== WORK REQUEST ==
Pictures aside, the output must consist of the lines from the one containing "坐在岸邊,聽著海浪捲動石頭的" through the end of the data, reproduced exactly.

== SOURCE MATERIAL ==
>>
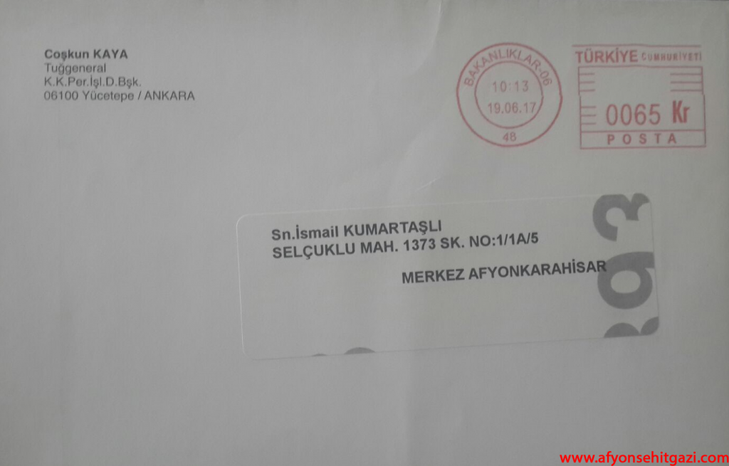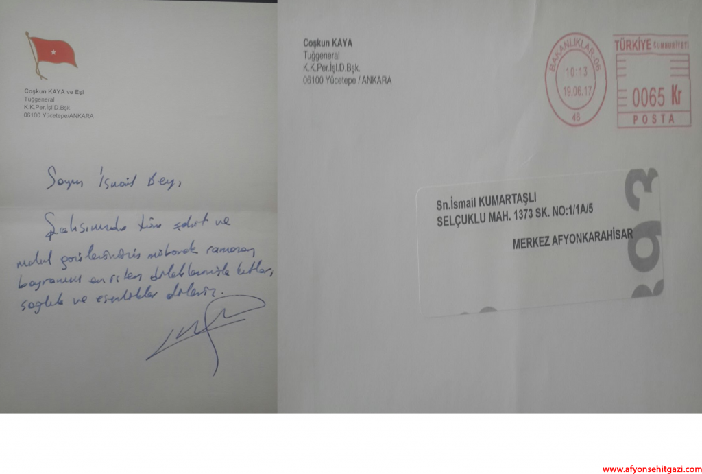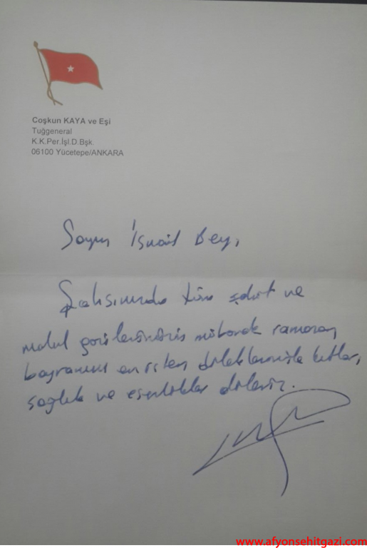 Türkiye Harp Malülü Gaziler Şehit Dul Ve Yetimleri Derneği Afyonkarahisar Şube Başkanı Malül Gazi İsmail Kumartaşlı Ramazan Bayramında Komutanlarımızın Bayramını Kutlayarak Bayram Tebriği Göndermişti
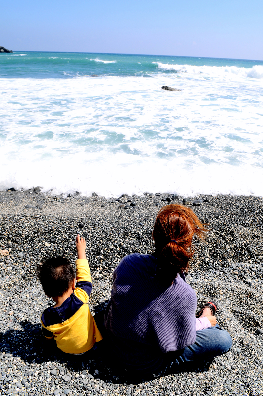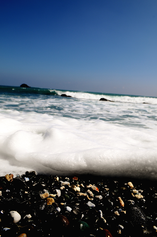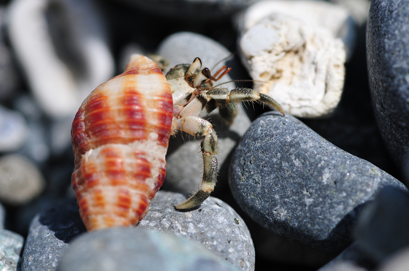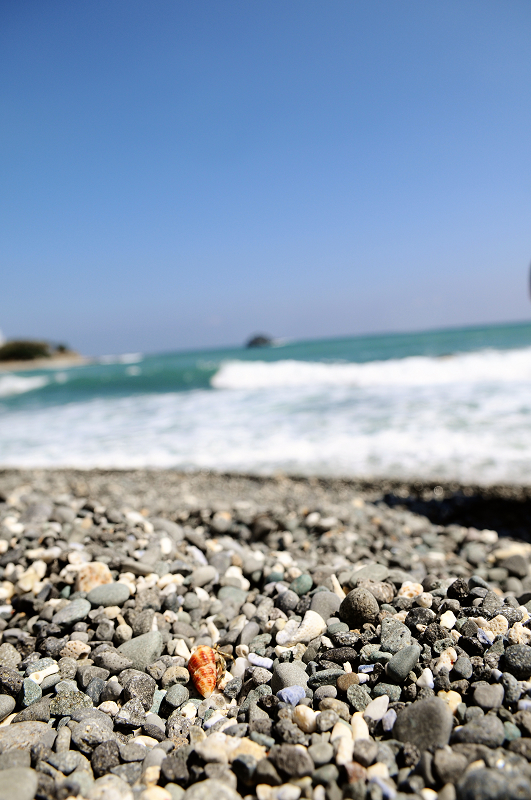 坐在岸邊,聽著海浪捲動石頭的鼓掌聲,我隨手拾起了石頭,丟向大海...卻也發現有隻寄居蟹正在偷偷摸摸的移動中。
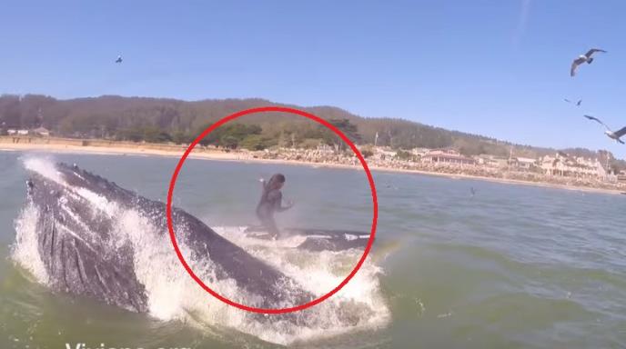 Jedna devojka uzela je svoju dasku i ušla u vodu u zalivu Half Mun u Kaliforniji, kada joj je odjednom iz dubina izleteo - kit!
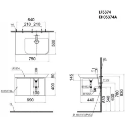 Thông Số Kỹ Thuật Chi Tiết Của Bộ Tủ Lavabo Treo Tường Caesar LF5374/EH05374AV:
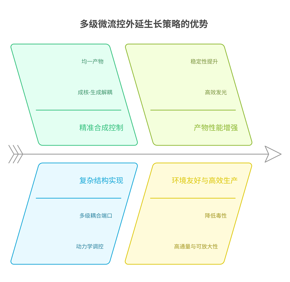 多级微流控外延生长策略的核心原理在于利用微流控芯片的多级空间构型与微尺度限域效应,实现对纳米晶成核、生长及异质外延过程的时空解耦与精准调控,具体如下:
<<
== ANSWER SPACE ==
 坐在岸邊,聽著海浪捲動石頭的鼓掌聲,我隨手拾起了石頭,丟向大海...卻也發現有隻寄居蟹正在偷偷摸摸的移動中。
 Jedna devojka uzela je svoju dasku i ušla u vodu u zalivu Half Mun u Kaliforniji, kada joj je odjednom iz dubina izleteo - kit!
 Thông Số Kỹ Thuật Chi Tiết Của Bộ Tủ Lavabo Treo Tường Caesar LF5374/EH05374AV:
 多级微流控外延生长策略的核心原理在于利用微流控芯片的多级空间构型与微尺度限域效应,实现对纳米晶成核、生长及异质外延过程的时空解耦与精准调控,具体如下:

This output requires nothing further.